多頭飼いの住環境(ケージ,トイレ)について
それぞれの犬に「自分だけの場所」を与える
柴×柴の多頭飼いなど、縄張り意識が強い柴犬の多頭飼いをするときは、それぞれに「自分だけの場所」を与えてあげましょう。そして、「他の犬専用の場所には入ってはいけない」というしつけをすることも大切です。
ワンちゃんのためのパーソナルなエリアを作るには、室内用のケージやクレート、あるいは寝床にできるクッションなどもおすすめです。住まいのスペースに余裕があるのなら、四方が囲われているケージを頭数分準備した方が、場所に関するルールをしつけやすいです。
トイレは頭数分準備するのが理想
柴犬はトイレ環境について厳しめな犬種なので、スペースの都合で物理的に可能なら、頭数分のトイレを設けるのが理想です。そして、パーソナルスペース同様に、互いに自分以外のトイレには立ち入らないよぅにしつけておきましょう。
もしトイレを頭数分作る余裕がないのなら、共用トイレケージを設けておきましょう。そして、トイレ環境に厳しい柴犬のために、他の犬が用を足したトイレシーツは即座に取り替えるようにしましょう。
賃貸(マンション・アパート)で多頭飼い、近所への騒音
多頭飼いすると吠える?
近所への配慮が必要なエリアに住んでいる方は、ブリーダーさんとよく相談しながら、2匹目のわんちゃんは吠え癖が少ない子を迎えたいところです。
多頭飼いのワンちゃんたちが吠えるかどうかは、先住犬が大きく左右します。先住犬が吠えずにおとなしくしていれば2匹目の子もそれに倣おうとしまいます。しかし、多頭飼いを始めて先住犬のストレスが増えると、吠えるようになってしまう場合もあります。やはり、多頭飼いをする上で先住犬へのケアと愛情は欠かせません。
ワンちゃんが走り回る部屋にカーペットは必須
多頭飼いをすると、ワンちゃんが走る時の床の音がより響くようになります。隣の部屋や階下の部屋のことを考えて、わんちゃんたちが動き回る部屋には防音のカーペットを敷きましょう。
「ペット可」≠「多頭飼いOK」
賃貸マンションやアパートでペットを飼いたい場合は、「ペット可」の条件で検索します。しかし、「ペット可」と書かれている物件は基本的に、「犬または猫1匹以内」という決まりになっているところが多いです。ペット可能な物件をそろえている「ペットホームウェブ」さんのサイトにはこのように書かれています。

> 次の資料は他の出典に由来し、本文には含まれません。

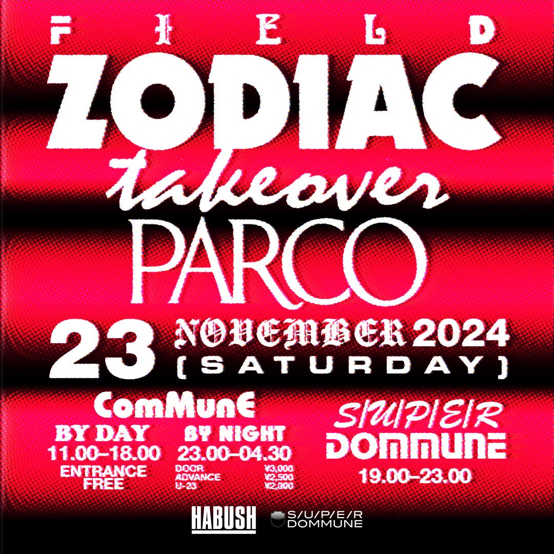 世界中のダンスミュージックファンから高い信頼を得る野外フェス「Rainbow Disco Club 」との共同制作による新プロジェクト「field」を始動。第一弾は、インドネシア・ジャカルタで音楽、ファッション、アートの3つのカルチャーを軸に活動する「ZODIAC」(ゾディアック)を招聘した「ZODIAC TAKEOVER PARCO」を3部構成で開催。渋谷PARCO 5周年に合わせ、街を一望できる10F ComMunEをメイン会場として、昼はDJ/マーケットイベント「BY DAY」、夜はオールナイトクラブパーティー「BY NIGHT」。そのほか、9F SUPER DOMMUNEでは本企画と連動した特別プログラム配信が予定されるなど、1日を通して多様な楽しみ方ができる都市型カルチャーイベント。
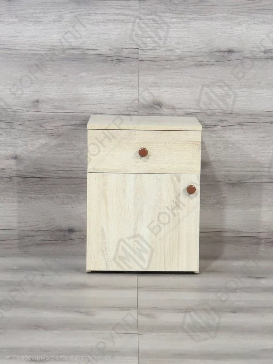 - Прочная конструкция: Тумба изготовлена из ЛДСП толщиной 16 мм. Торцы деталей обработаны кромкой ПВХ, что обеспечивает долгий срок службы и устойчивость к повреждениям.
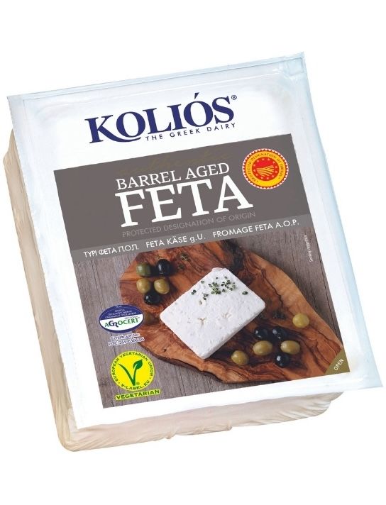 KOLIOS authentic Barrel Aged Feta, витримана в дерев'яних бочках, виготовляється зі свіжого пастеризованого овечого та козячого молока тварин, які пасуться на вільному випасі, за традиційним рецептом. Природний аромат середземноморських трав у поєднанні з ароматом деревини надає сиру KOLIOS Barrel Aged Feta унікальний насичений смак, який отримав нагороди.
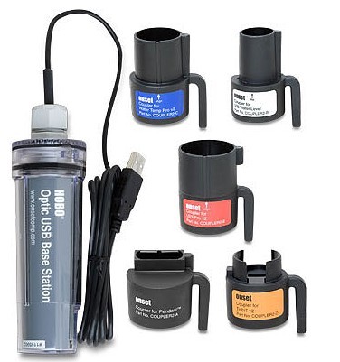 The new Universal Optic USB Base Station and a series of couplers are used to offload data from any HOBO® data logger with an Optic USB interface. The Optic USB Base Station connects to your computer via USB, while connecting to the logger via an appropriate coupler.
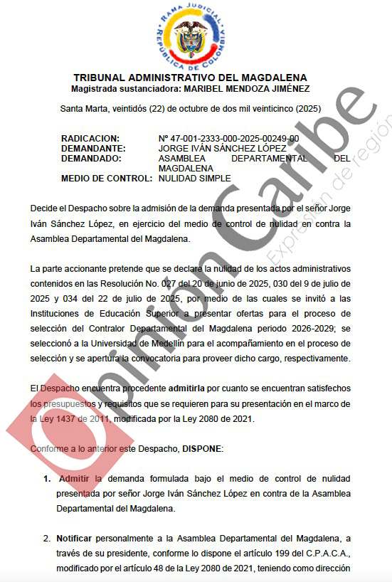 El Tribunal Administrativo del Magdalena admitió la demanda presentada por el ciudadano Jorge Iván Sánchez López contra la Asamblea Departamental del Magdalena, en ejercicio del medio de control de nulidad, al considerar cumplidos los requisitos exigidos por la ley.

多頭飼育ができるペット可物件は、「担当会社からひとこと」や「ペット」「備考」欄に「多頭飼育可」「多頭飼育相談」などと書かれています。※多頭飼育は「ペット相談」の物件ではほぼNGです。
多頭飼いする際に理想的な間取り
柴犬などを多頭飼いする際は、個別のケージやトイレを設置するスペースも考慮して、少なくとも1LDK以上の広さは欲しいところです。2LDK以上あれば家族のスペースにもゆとりが生まれます。
多頭飼育可能な物件の特徴
多頭飼育を想定している物件の家賃相場をみているとは、そのエリアの同じ間取りの平均くらいか、少し高いです。
不動産サイトで多頭飼育可能物件をいくつも見た印象だと、「多頭飼育可能なのに家賃が相場平均程度」という物件は、築年数が経っているものが多いです。築年数が経っていると防音機能はあまり期待できませんが、隣や上下の部屋の人も多頭飼いしている可能性が高いので、多少の騒がしさは「多頭飼い同士、お互い様」ということになると思います。

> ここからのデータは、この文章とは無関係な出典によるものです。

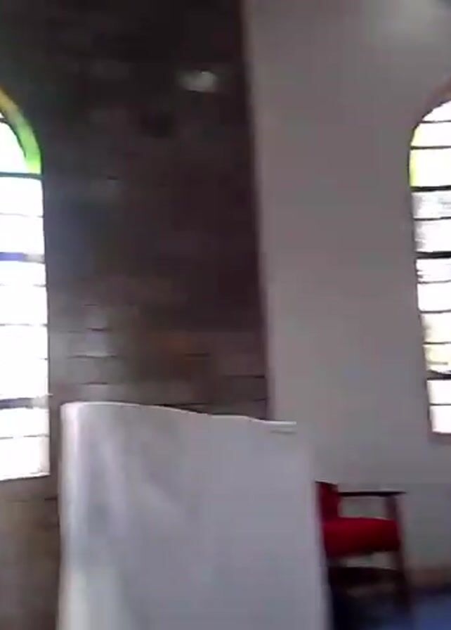 n interior of a church. The first scene shows a view of a wall with a window, four red chairs, a brown podium, and a blue crate. There is a poster on the wall behind the podium. The next shot is a closer view of the windows on the side of the church, with some windows having colored stained glass. The camera then pans to a wide shot of the interior showing rows of wooden pews and additional windows. The camera then focuses again on a row of arched windows with what appears to be a wall of gray bricks.
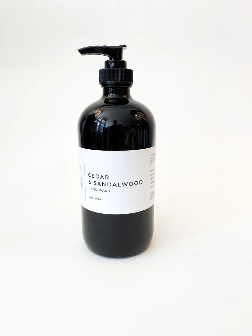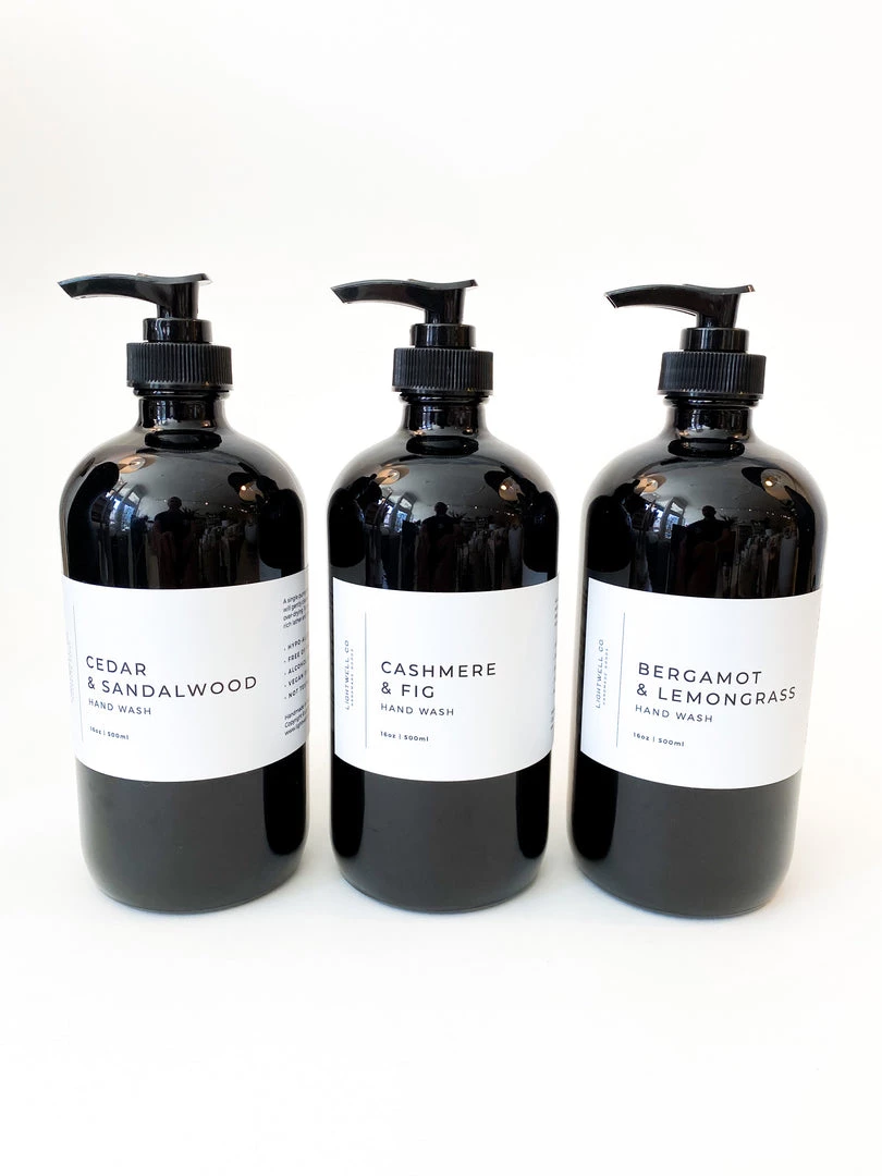 A single pump of our lathering hand wash will gently cleanse your hands without over-drying and stripping them of their natural oils. It comes in a black glass round bottle wrapped with a waterproof minimalist label.Â
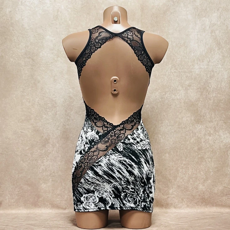L’imprimé noir et blanc épouse les formes et habille le corps d’une élégance délicieuse, tandis qu’une bande de dentelle florale rejoint la pièce de charme, partant de sous la poitrine pour ensuite enlacer la taille dans un tourbillon de sensualité.
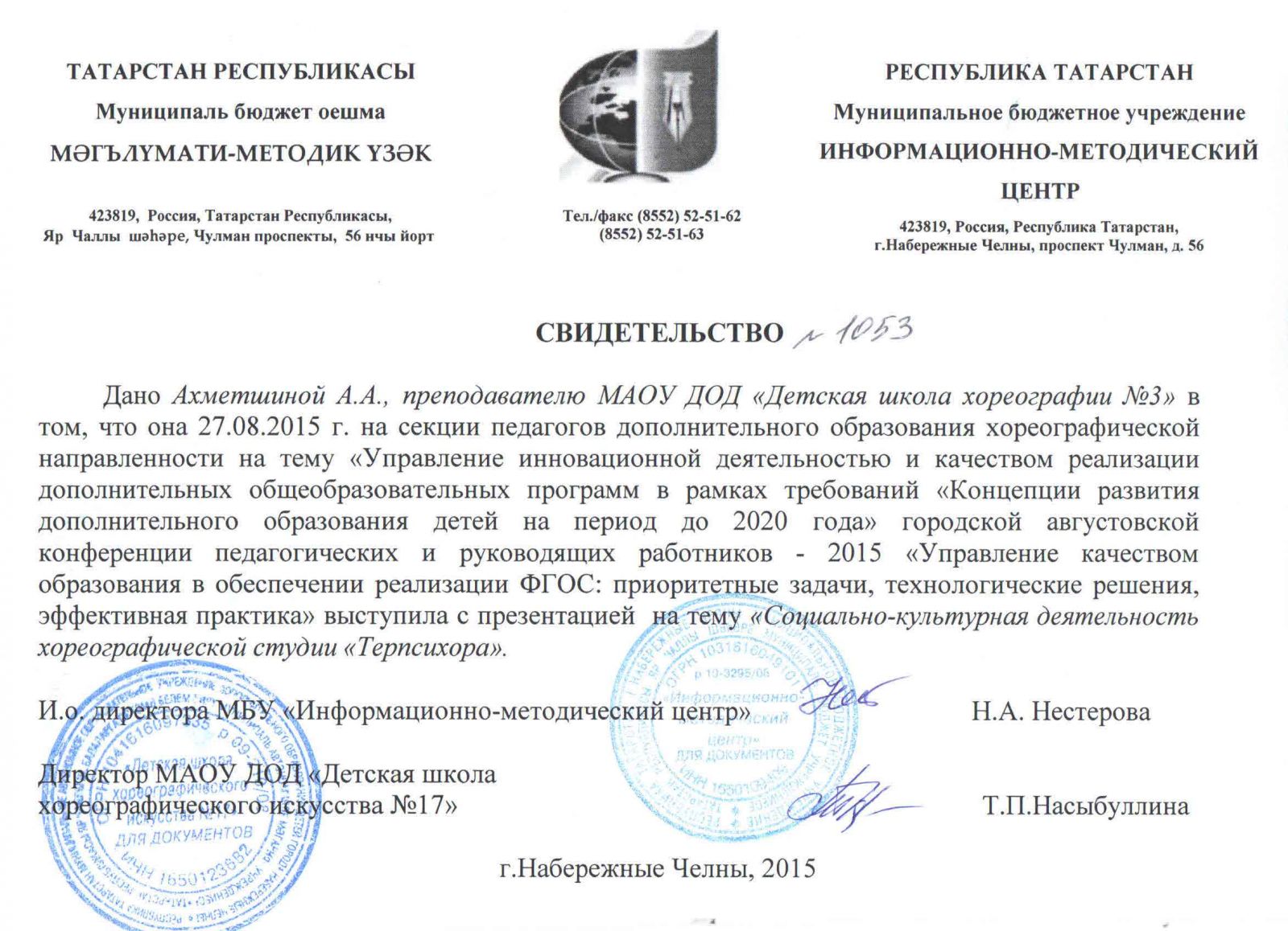 | Министерство: | Министерство образования и науки Республики Татарстан |
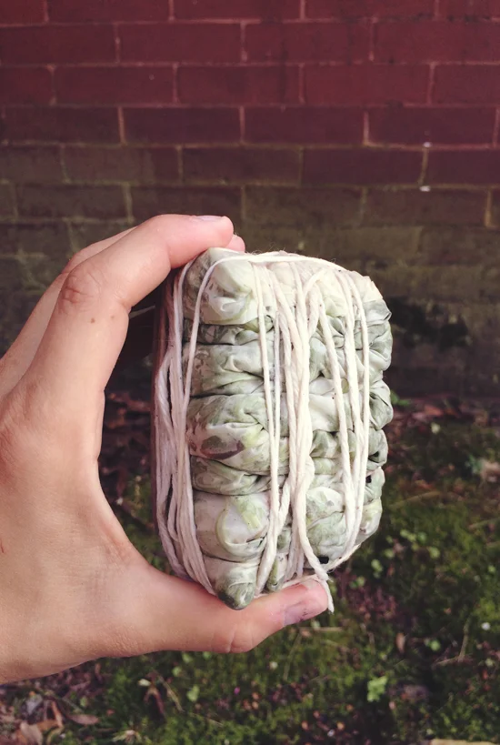 Normally, when I eco-bundle, I douse the fabric in vinegar, throw in some flora, roll, secure, steam, and wait. I've gotten some pretty beautiful results in my haphazard way of doing things, but these days I'm becoming more curious about the chemistry and reason behind it all. I've known about pH modifiers since the beginning, but never paid to much attention to it, until recently when I started an indigo vat... results from that later...

都市部でもペットを室内で飼うのが浸透している最近では、ペットとオーナー家族の共生を考えた「ペットオーナーズマンション」も増えてきてはいます。しかし、需要に対する供給戸数が圧倒的に少なく、なかなか手が届かないのが現状なようです。
柴の個性をよく知るブリーダーさんに相談すれば安心
お互いが仲良しな多頭飼いを実現するには、それぞれの個性を理解することが大切になります。将来的に多頭飼いをしたい希望が少しでもある場合は、一頭目を選ぶときからブリーダーさんと多頭飼いを見据えた相談をしておくと安心です。

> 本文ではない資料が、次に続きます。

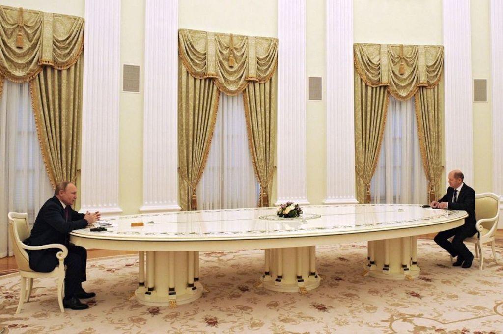 The New York Times has broached the awkward question that has been on the minds of anyone who has paid even passing attention to Vladimir Putin recently: Has he lost his marbles? The Times reports that people have noticed that Putin “has fundamentally changed amid the pandemic, a shift that may have left him more paranoid, more aggrieved, and more reckless.” Two years since the onset of COVID, the Russian leader remains severely isolated, interacting with cabinet officials largely via video and keeping trips abroad to a minimum. When he does have to meet people face-to-face in Moscow, whether it’s Foreign Minister Sergey Lavrov or French president Emmanuel Macron, they must first pass through a “disinfection tunnel” and then sit at a social distance of Olympian proportions, at tables so long that they have become a physical manifestation of Putin’s remoteness from the rest of the world (Ryu Spaeth, Is Putin Sane?, “Intelligencer,” 19 feb 2022).
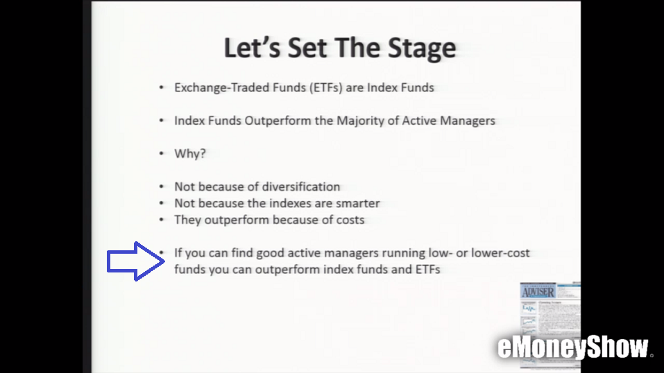 Este é o tema de uma recente conferência, da autoria de Daniel Wiener, sobre um tema tão quentinho: gestão passiva vs. gestão activa e como escolher os melhores de cada grupo. Tal conferência pode ser visionada entrando no site moneyshow.com (o registo é gratuito). Para abrir o apetite deixo uma imagem que ali foi apresentada.
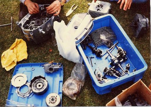 1986年タイムトンネル(東京)にてシートの焦げてエンジンヘッドのバラバラなMVagusta125sをトラックで買付けに行った。三重に帰って名メカニックのO氏により総バラシされブラスト処理される。
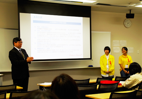 午後からは、AO入試説明会を開催しました。私もAO入試だったので、これから受験される高校生へアドバイスをする学生として参加させていただきました。AO入試の感想や合格の秘訣などをインタビューされ、ほぼアドリブで答えました。拙い説明だったと思うのですが、来場してくださった高校生や保護者の方は真剣に聞いてくださいました。
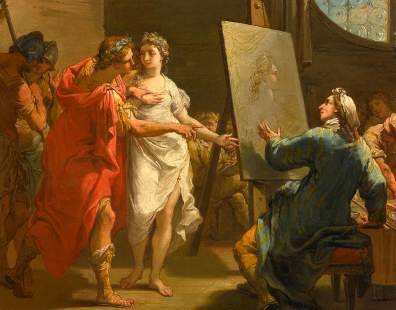 In the first and the third paintings, the figure of Apelles is a self-portraiit of Tiepolo, and in all three paintings Campaspe is modelled by Tiepolo's wife Cecilia.

柴犬の多頭飼いのパターンで一番オーソドックスな「柴×柴」の組み合わせを考える場合、同じ母親から生まれたきょうだいだと仲良しになることも多いといわれています。きょうだい柴の多頭飼いをする上でもやはり、ブリーダーさんとのつながりが大切になります。
仲良しな多頭飼いを実現するためには、それぞれの子を「わが子」と思って根気よく向き合ってあげないといけません。子育てするのもペットを育てるのもどちらも大変ですが、そのぶん、いろいろな瞬間に幸せを感じられますよね。
今お持ちのワンちゃんにも、これから迎えるワンちゃんにも、いっぱいの愛情を注いであげてください!!みなさまの多頭飼い柴ライフが、充実したものになることを願っています。